Литмир - Электронная Библиотека
A
A

Stało się to ostatecznie w dniu, kiedy wracałem z Multiflorą od ślubu.

Małżeństwo nasze było bardzo szczęśliwe. Prowadziliśmy życie spokojne, z dala od miejskiego zgiełku, oddając się z zapałem hodowli roślin. Córkom naszym, które kolejno przychodziły na świat, daliśmy imiona ulubionych kwiatów. Są to właśnie: Róża, Hortensja, Dalia, Piwonia i Rezeda. Ale – rzecz dziwna. Z matki tak pięknej urodziły się dziewczynki, niestety, brzydkie.

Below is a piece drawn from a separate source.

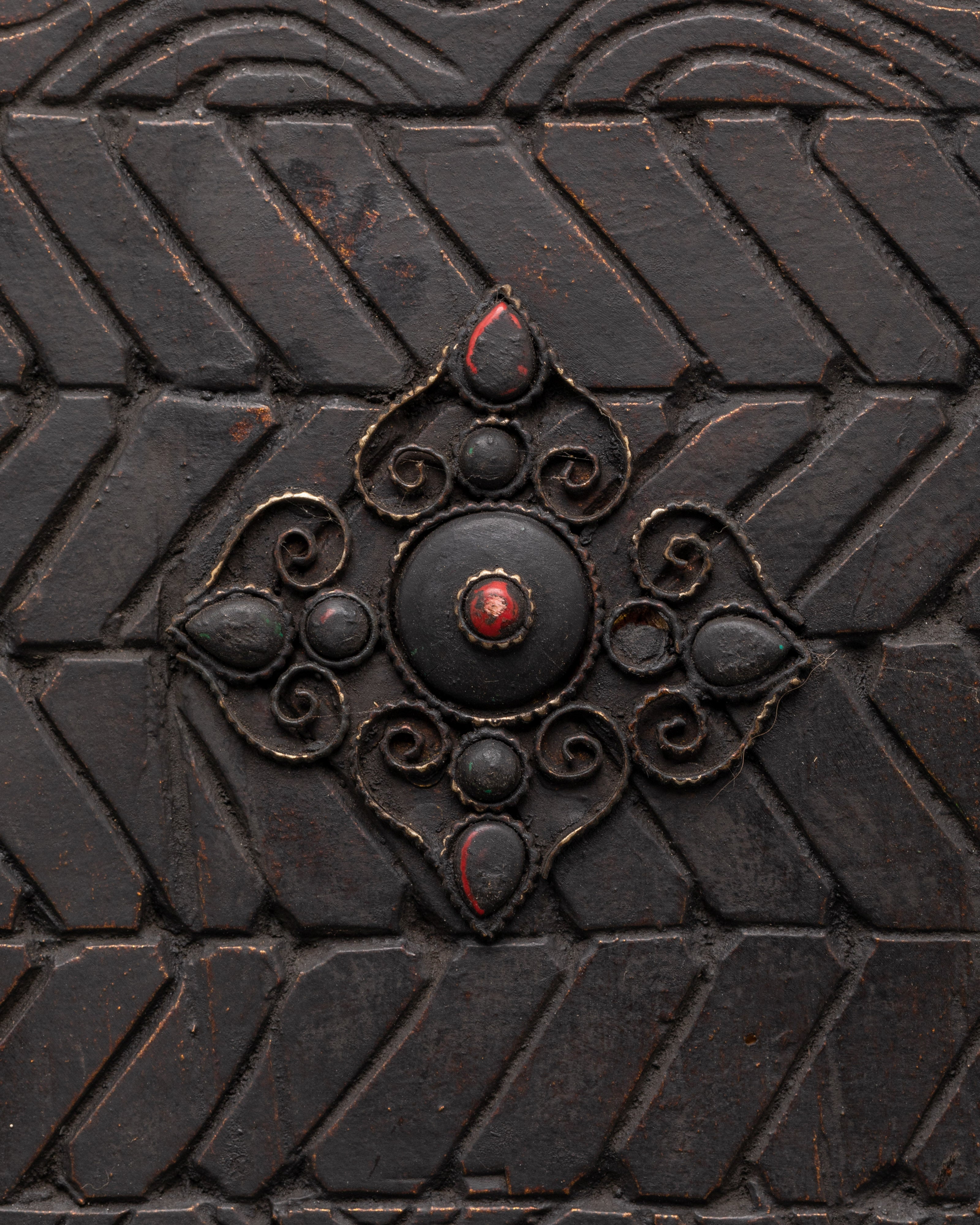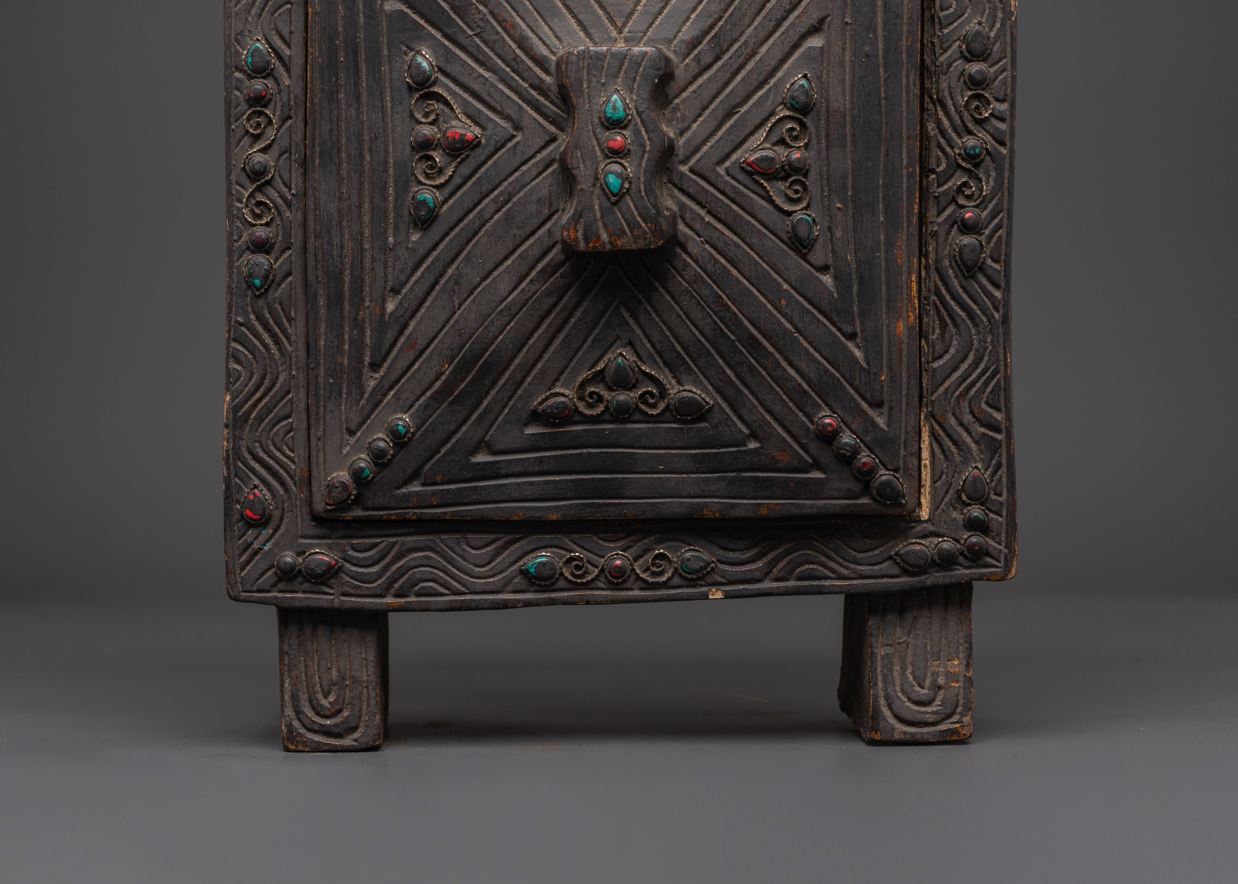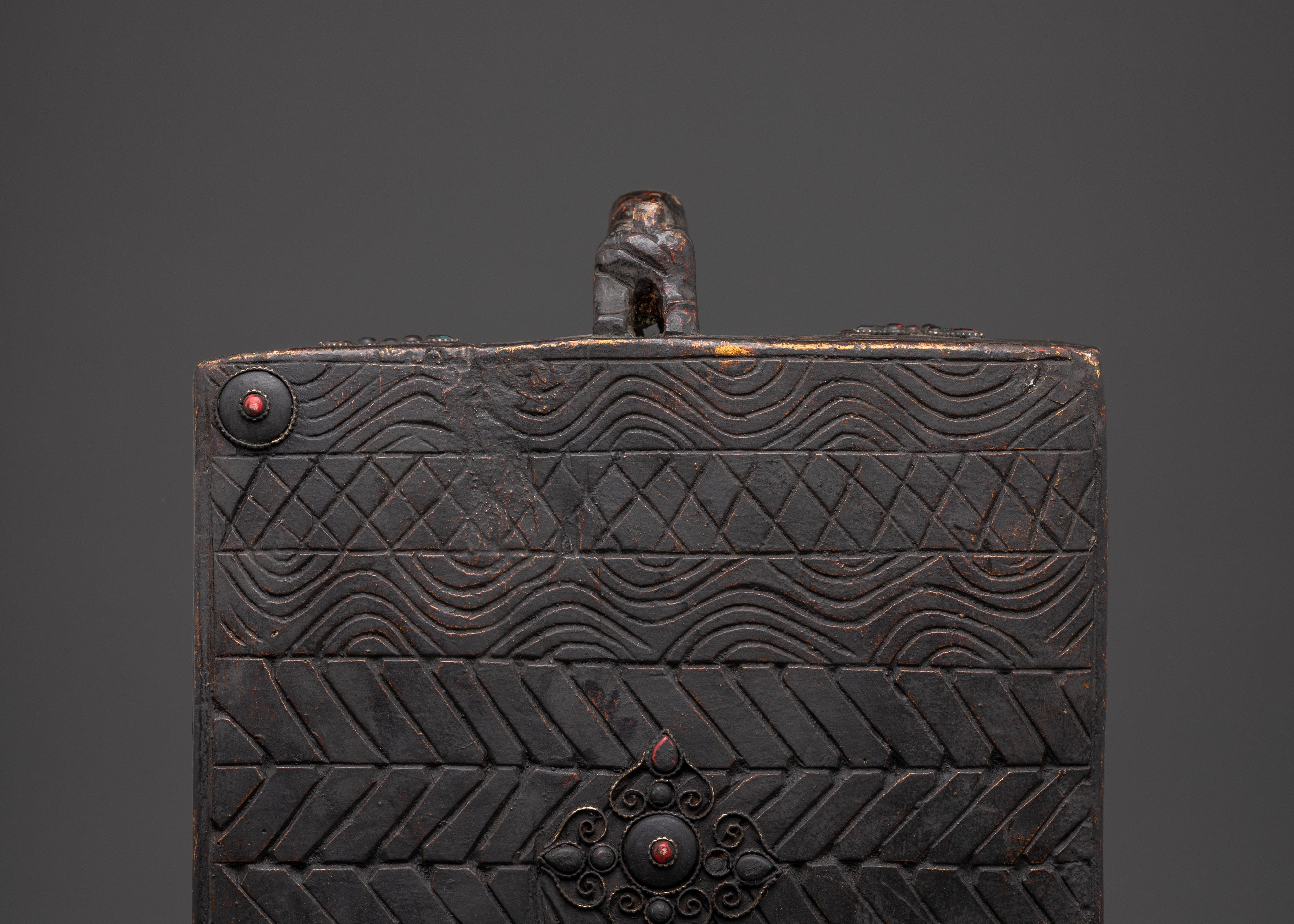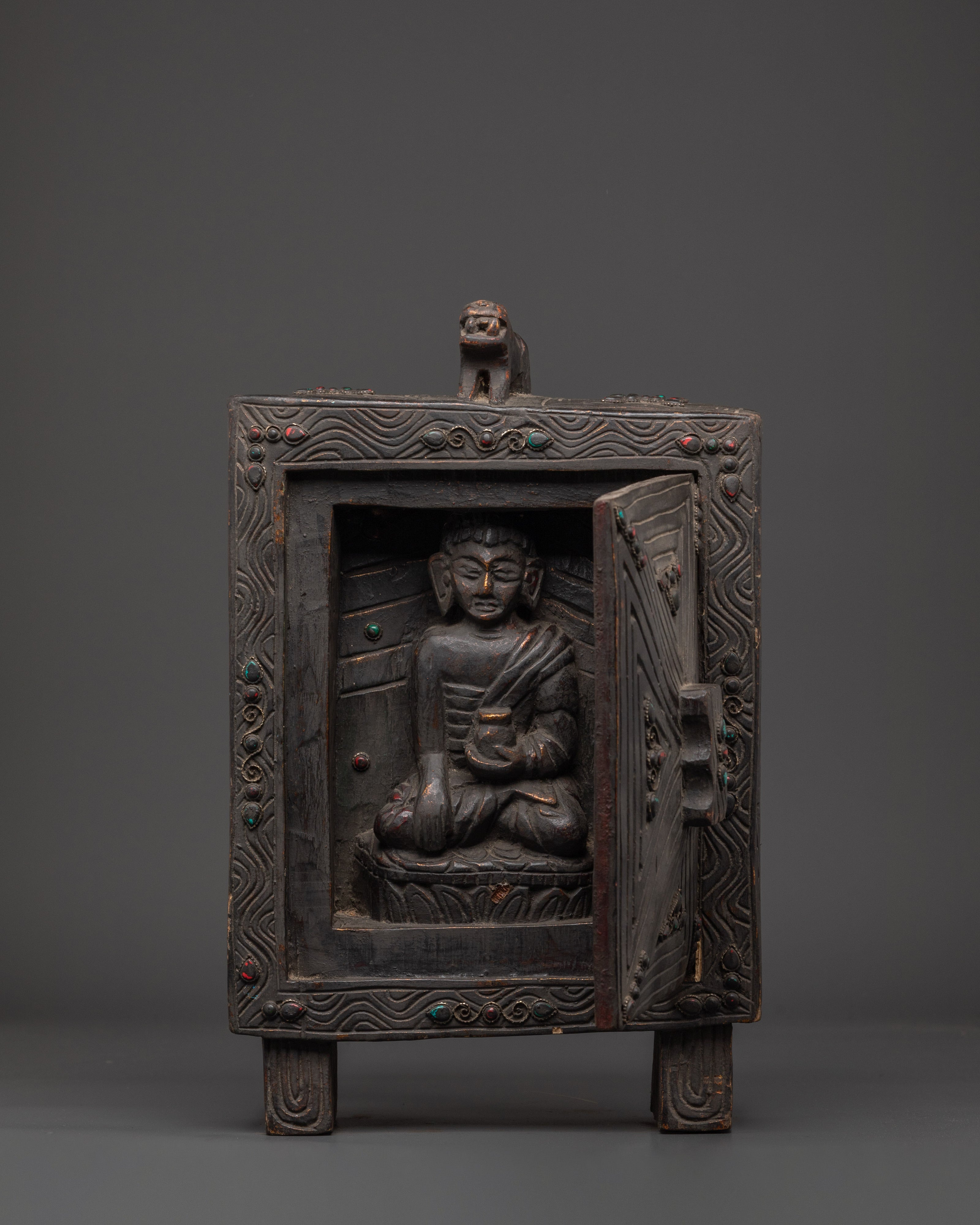 Opening the shrine reveals a beautifully carved image of Shakyamuni Buddha, seated in a calm meditation posture. The Buddha holds the alms bowl, a sign of compassion, wisdom, and the renunciation of worldly attachments. His serene expression radiates peace and spiritual clarity. The shrine’s door panels feature wave-like and lotus-inspired motifs that echo Tibetan artistry, guiding the eye inward to the sacred figure within.

Córki chowały się zdrowo, rosły, uczyły się u najlepszych nauczycieli i darzyły nas gorącą miłością.

Żyliśmy w dobrobycie, gdyż wraz z Multiflorą otrzymaliśmy przy pomocy krzyżowań wiele nieznanych kwiatów o różnych magicznych zapachach. Wynaleźliśmy także pobudzacz wzrostu, czyli specjalny odżywczy płyn, który znakomicie przyśpiesza rozwój roślin oraz ich kwitnienie. Dzięki temu nasza hodowla zyskała sobie powszechną sławę na wyspie i z trudem mogliśmy nadążyć licznym zamówieniom.

Dziewczynki, w miarę jak dorastały, pomagały nam w pracy. Moja kochana Multiflora wyjawiła, że jej pragnieniem jest wydać córki za ogrodników, gdyż obcowanie ze światem roślinnym kształuje w ludziach najszlachetniejsze skłonności. A po namyśle dodała:

– Pisarze myślą tylko o postaciach, które sami stworzyli, inżynierowie zajęci są wyłącznie maszynami, podróżnicy chętnie wyjeżdżają i zostawiają swoje żony, lekarze bardziej interesują się chorymi niż zdrowymi. Jedynie miłośnicy roślin i kwiatów potrafią ocenić piękno ludzkiej duszy!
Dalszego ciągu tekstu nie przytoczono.